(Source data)
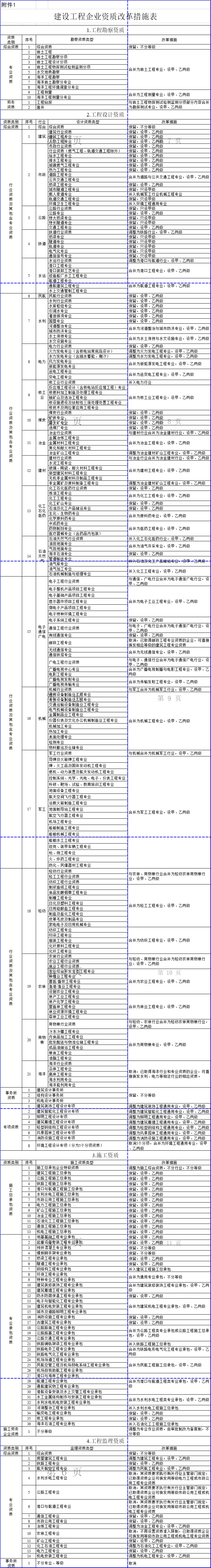 加强适中事后监管措施:开展“双随机,一公开”监管,依法查处违法违规行为并公开结果,加强信用监管,完善工程造价咨询企业信用体系,依法向社会公布企业信用状况,依法依规开展失信惩戒。推广应用执业保险制度,增强工程造价咨询企业的风险抵御能力,有效保障委托方合法权益。改革措施:将房地产开发企业资质由四级调整为两级,取消三级、四级,相应调整二级资质许可条件。加强适中事后监管措施:开展“双随机,一公开”监管,依法查处违法违规行为并公开结果,加强信用监管,依法依规对失信主体开展失信惩戒。发挥行业协会自律作用。改革措施:将建设工程勘察企业资质由三级调整为两级,取消丙级资质,相应调整乙级资质的许可条件。加强适中事后监管措施:开展“双随机、一公开”监管,对在建工程项目实施重点监管,依法查处违法违规行为并公开结果;严厉打击资质申报弄虚作假行为,对弄虚作假的企业依法予以通报或撤销其资质;加强信用监管,依法依规对失信主体开展失信惩戒。改革措施:将建设工程设计企业资质由三级或者四级调整为两级,取消丙级、丁级资质,相应调整乙级资质的许可条件。加强适中事后监管措施:开展“双随机、一公开”监管,对在建工程项目实施重点监管,依法查处违法违规行为并公开结果;严厉打击资质申报弄虚作假行为,对弄虚作假的企业依法予以通报或撤销其资质;加强信用监管,依法依规对失信主体开展失信惩戒。改革措施:将建设施工企业资质由三级调整为两级,取消三级资质,相应调整二级资质的许可条件。加强适中事后监管措施:开展“双随机、一公开”监管,对在建工程项目实施重点监管,依法查处违法违规行为并公开结果;严厉打击资质申报弄虚作假行为,对弄虚作假的企业依法予以通报或撤销其资质;加强信用监管,依法依规对失信主体开展失信惩戒。6、工程监理丙级、事务所、公路水利、港口航道、农林工程;1、依托相关政务服务平台,实行电子化申报和审批;2、积极推进与有关部门信息共享,对能够通过信息共享方式获取、核验的材料,不再要求申请人提供;3、通过开展电子化核验,企业安全生产条件动态监管一级工程项目监督检查等措施,对企业及其项目安全生产条件进行核查,对不具备安全生产条件的企业,依法实施暂扣或者吊销安全生产许可证等处罚;4、严格落实事故企业安全生产条件复核制度,对安全生产条件降低的企业,依法实施暂扣或者吊销安全生产许可证等处罚;5、强化信用监管,依法依规对失信主体开展失信惩戒。1、精简申报材料,不再要求申请人提供法定代表人和高级管理人员任职文件、身份证及专业管理人员劳动合同、上一年度财务报告、近3年房地产开发统计年报基层表、项目手册及在建项目进度说明等。对于能与登记注册、社会保险缴纳实现共享的信息,不再要求企业重复提供;2、依托全国一体化政务服务平台身份认证、数据共享、电子印章、电子证照等基础支撑,按照“一网通办”要求办理房地产开发企业资质核定工作,全面实行电子化评审;3、开展“双随机、一公开”监管,依法查处违法违规行为并公开结果;4、加强信用监管,依法依规对失信主体开展失信惩戒;5、发挥行业协会自律作用。3)建设工程质量检测机构资质、燃气经营许可证、建设工程勘察综合、专业甲乙级、建筑工程设计行业甲级、乙级及事务所、施工企业综合、甲级、乙级;监理甲级、乙级。2、加快推动新型共享,不在要求申请人提供人员身份证明、社保证明、企业资质和注册人员资格证书等材料;3、开展“双随机、一公开”监管,对在建工程项目实施重点监管,依法查处违法违规行为并公开结果;4、严厉打击资质申报弄虚作假行为,对弄虚作假的企业依法予以通报或撤销其资质;5、加强信用监管,依法依规对失信主体开展失信惩戒。6月份,网上不少公众号都发布了资质新标准意见稿,这个虽然官方没有对外公开发布,但是肯定是有依据的,所以现在还没法说。甚至之前看到有个省的勘察设计协会官方号也发布了同样的信息,看了认证信息确实是官方的,不清楚是他们真的收到了还是跟风……
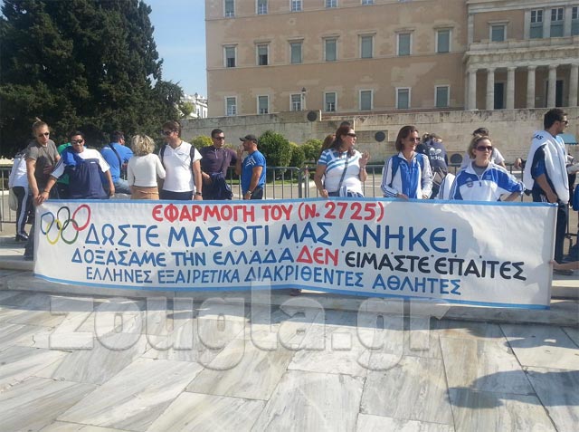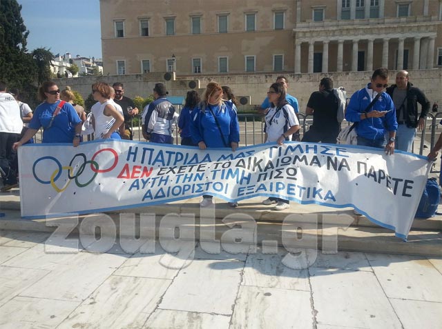 Συγκέντρωση διαμαρτυρίας πραγματοποίησαν το πρωί έξω από το Υπουργείο Διοικητικής Μεταρρύθμισης Ολυμπιονίκες, οι οποίοι κινδυνεύουν να τεθούν σε καθεστώς διαθεσιμότητας στο πλαίσιο του β’ κύκλου κινητικότητας στον δημόσιο τομέα.
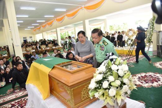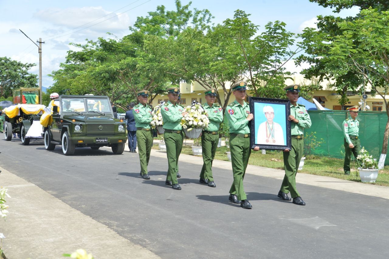 ယင်းနောက် နိုင်ငံတော်လုံခြုံရေးနှင့် အေးချမ်းသာယာရေးကော်မရှင်ဥက္ကဋ္ဌ၊ ကော်မရှင်ဒုတိယဥက္ကဋ္ဌနှင့် ပြည်ထောင်စုအဆင့်ပုဂ္ဂိုလ်များ၊ ကာကွယ်ရေးဦးစီးချုပ်ရုံးမှ အဆင့်မြင့်တပ်မတော်အရာရှိကြီးများက နေရာယူကြပြီး တပ်မတော်ဂုဏ်ပြု သေနတ်ပစ်အဖွဲ့က ဂုဏ်ပြုစစ်ရေးပြအစီအစဉ်အတိုင်းဆောင်ရွက်ကာ သေနတ်မြေစိုက်ဦးခိုက်အလေးပြုကြပြီး သေနတ်မြှောက်အလေးပြုကြသည်။
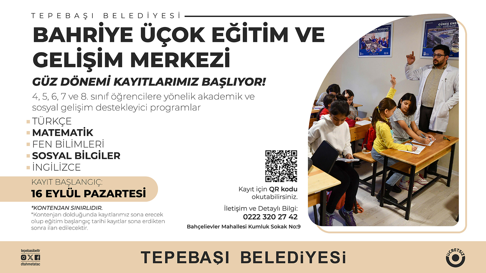 Tepebaşı Belediyesi Bahriye Üçok Eğitim ve Gelişim Merkezi için güz dönemi kayıtları başlıyor. Merkezde, öğrencilerin akademik ve sosyal gelişimini destekleyen programlar yer alıyor.
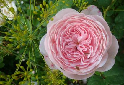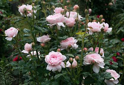 Роза Queen of Sweden (Квин оф Свиден). Роза необычайной свежести и очарования. Цветки хороши на всех стадиях роспуска. Небольшие округлые бутоны распускаются в глубоко чашевидные цветки, и постепенно раскрываются до слегка чашевидных розеток. Цвет нежно-розовый, иногда с абрикосовым оттенком.

## WHAT IS REQUIRED
Each line above is to be transcribed exactly, though its pictures are not.

## REPLY TO THE TASK
 加强适中事后监管措施:开展“双随机,一公开”监管,依法查处违法违规行为并公开结果,加强信用监管,完善工程造价咨询企业信用体系,依法向社会公布企业信用状况,依法依规开展失信惩戒。推广应用执业保险制度,增强工程造价咨询企业的风险抵御能力,有效保障委托方合法权益。改革措施:将房地产开发企业资质由四级调整为两级,取消三级、四级,相应调整二级资质许可条件。加强适中事后监管措施:开展“双随机,一公开”监管,依法查处违法违规行为并公开结果,加强信用监管,依法依规对失信主体开展失信惩戒。发挥行业协会自律作用。改革措施:将建设工程勘察企业资质由三级调整为两级,取消丙级资质,相应调整乙级资质的许可条件。加强适中事后监管措施:开展“双随机、一公开”监管,对在建工程项目实施重点监管,依法查处违法违规行为并公开结果;严厉打击资质申报弄虚作假行为,对弄虚作假的企业依法予以通报或撤销其资质;加强信用监管,依法依规对失信主体开展失信惩戒。改革措施:将建设工程设计企业资质由三级或者四级调整为两级,取消丙级、丁级资质,相应调整乙级资质的许可条件。加强适中事后监管措施:开展“双随机、一公开”监管,对在建工程项目实施重点监管,依法查处违法违规行为并公开结果;严厉打击资质申报弄虚作假行为,对弄虚作假的企业依法予以通报或撤销其资质;加强信用监管,依法依规对失信主体开展失信惩戒。改革措施:将建设施工企业资质由三级调整为两级,取消三级资质,相应调整二级资质的许可条件。加强适中事后监管措施:开展“双随机、一公开”监管,对在建工程项目实施重点监管,依法查处违法违规行为并公开结果;严厉打击资质申报弄虚作假行为,对弄虚作假的企业依法予以通报或撤销其资质;加强信用监管,依法依规对失信主体开展失信惩戒。6、工程监理丙级、事务所、公路水利、港口航道、农林工程;1、依托相关政务服务平台,实行电子化申报和审批;2、积极推进与有关部门信息共享,对能够通过信息共享方式获取、核验的材料,不再要求申请人提供;3、通过开展电子化核验,企业安全生产条件动态监管一级工程项目监督检查等措施,对企业及其项目安全生产条件进行核查,对不具备安全生产条件的企业,依法实施暂扣或者吊销安全生产许可证等处罚;4、严格落实事故企业安全生产条件复核制度,对安全生产条件降低的企业,依法实施暂扣或者吊销安全生产许可证等处罚;5、强化信用监管,依法依规对失信主体开展失信惩戒。1、精简申报材料,不再要求申请人提供法定代表人和高级管理人员任职文件、身份证及专业管理人员劳动合同、上一年度财务报告、近3年房地产开发统计年报基层表、项目手册及在建项目进度说明等。对于能与登记注册、社会保险缴纳实现共享的信息,不再要求企业重复提供;2、依托全国一体化政务服务平台身份认证、数据共享、电子印章、电子证照等基础支撑,按照“一网通办”要求办理房地产开发企业资质核定工作,全面实行电子化评审;3、开展“双随机、一公开”监管,依法查处违法违规行为并公开结果;4、加强信用监管,依法依规对失信主体开展失信惩戒;5、发挥行业协会自律作用。3)建设工程质量检测机构资质、燃气经营许可证、建设工程勘察综合、专业甲乙级、建筑工程设计行业甲级、乙级及事务所、施工企业综合、甲级、乙级;监理甲级、乙级。2、加快推动新型共享,不在要求申请人提供人员身份证明、社保证明、企业资质和注册人员资格证书等材料;3、开展“双随机、一公开”监管,对在建工程项目实施重点监管,依法查处违法违规行为并公开结果;4、严厉打击资质申报弄虚作假行为,对弄虚作假的企业依法予以通报或撤销其资质;5、加强信用监管,依法依规对失信主体开展失信惩戒。6月份,网上不少公众号都发布了资质新标准意见稿,这个虽然官方没有对外公开发布,但是肯定是有依据的,所以现在还没法说。甚至之前看到有个省的勘察设计协会官方号也发布了同样的信息,看了认证信息确实是官方的,不清楚是他们真的收到了还是跟风……
 Συγκέντρωση διαμαρτυρίας πραγματοποίησαν το πρωί έξω από το Υπουργείο Διοικητικής Μεταρρύθμισης Ολυμπιονίκες, οι οποίοι κινδυνεύουν να τεθούν σε καθεστώς διαθεσιμότητας στο πλαίσιο του β’ κύκλου κινητικότητας στον δημόσιο τομέα.
 ယင်းနောက် နိုင်ငံတော်လုံခြုံရေးနှင့် အေးချမ်းသာယာရေးကော်မရှင်ဥက္ကဋ္ဌ၊ ကော်မရှင်ဒုတိယဥက္ကဋ္ဌနှင့် ပြည်ထောင်စုအဆင့်ပုဂ္ဂိုလ်များ၊ ကာကွယ်ရေးဦးစီးချုပ်ရုံးမှ အဆင့်မြင့်တပ်မတော်အရာရှိကြီးများက နေရာယူကြပြီး တပ်မတော်ဂုဏ်ပြု သေနတ်ပစ်အဖွဲ့က ဂုဏ်ပြုစစ်ရေးပြအစီအစဉ်အတိုင်းဆောင်ရွက်ကာ သေနတ်မြေစိုက်ဦးခိုက်အလေးပြုကြပြီး သေနတ်မြှောက်အလေးပြုကြသည်။
 Tepebaşı Belediyesi Bahriye Üçok Eğitim ve Gelişim Merkezi için güz dönemi kayıtları başlıyor. Merkezde, öğrencilerin akademik ve sosyal gelişimini destekleyen programlar yer alıyor.
 Роза Queen of Sweden (Квин оф Свиден). Роза необычайной свежести и очарования. Цветки хороши на всех стадиях роспуска. Небольшие округлые бутоны распускаются в глубоко чашевидные цветки, и постепенно раскрываются до слегка чашевидных розеток. Цвет нежно-розовый, иногда с абрикосовым оттенком.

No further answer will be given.